The high prevalence of genetic diseases in infants contributed to the growth of the prenatal testing & newborn screening market. According to the World Health Organization, genetic disease includes diseases such as Thalassemia, Sickle Cell Anemia, Hemophilia, Cystic Fibrosis, Tay Sachs disease, Fragile X Syndrome, Huntington’s disease. The sickle cell anemia is one of the genetic diseases that affects millions throughout the world, and the disease is particularly common among people whose ancestors are from Africa, America, Cuba, Central America, Saudi Arabia, and India.

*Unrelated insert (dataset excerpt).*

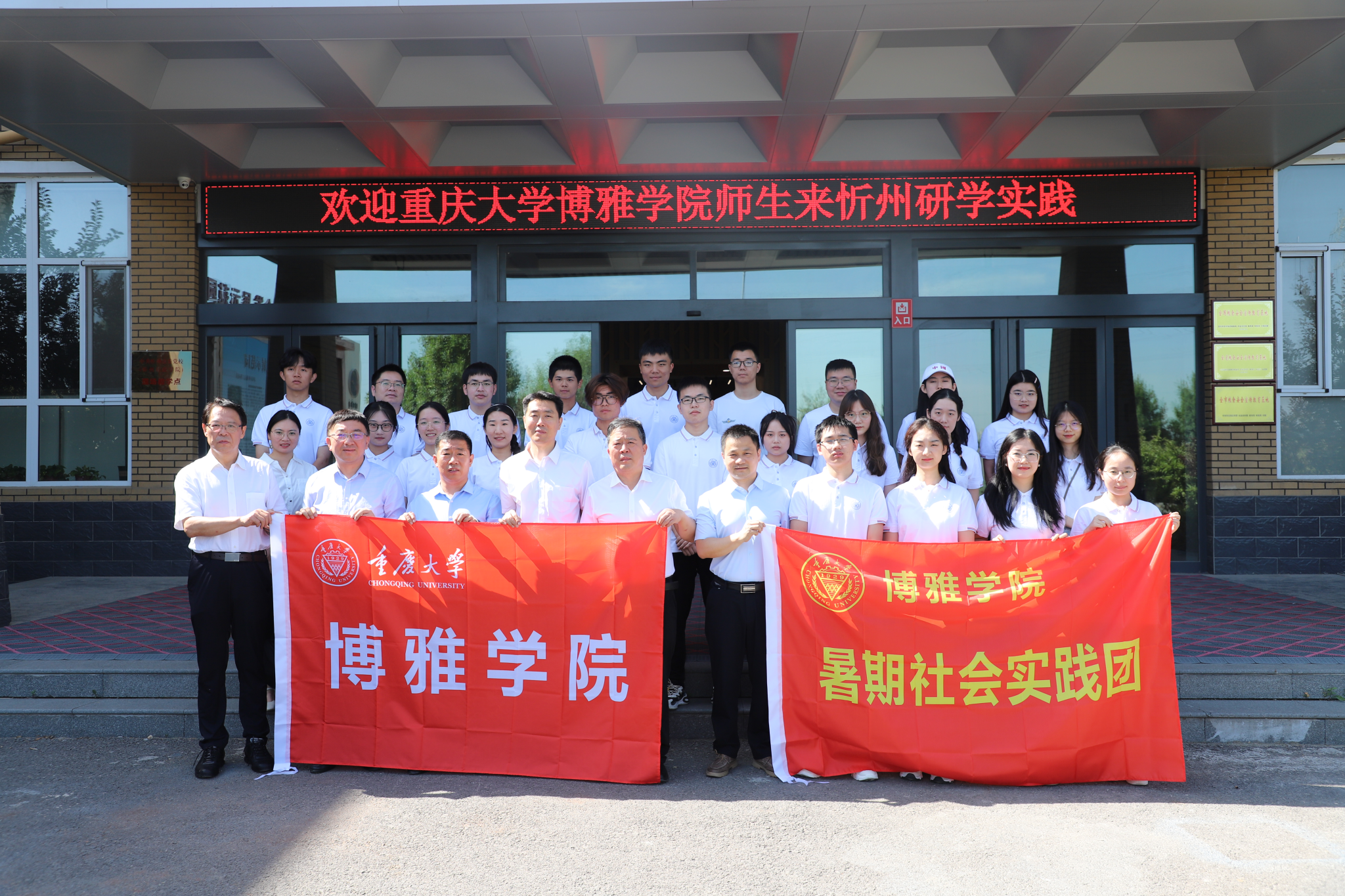 红色教育和国情教育基地、智库合作基地授牌。授牌仪式结束后忻州市领导与博雅师生亲切会谈,师生们积极分享了对忻州的初印象以及对本次研学的期待。

For instance, in February 2023, according to the Rady Children’s Institute for Genomic Medicine, a US-based research institute, in a study conducted at Rady Children’s Hospital, 41% of infant deaths were attributed to single-locus (Mendelian) genetic diseases. The high prevalence of genetic diseases in infants boosted the demand for growth of the prenatal testing and newborn screening market.

What are the key segments within the prenatal testing & newborn screening market?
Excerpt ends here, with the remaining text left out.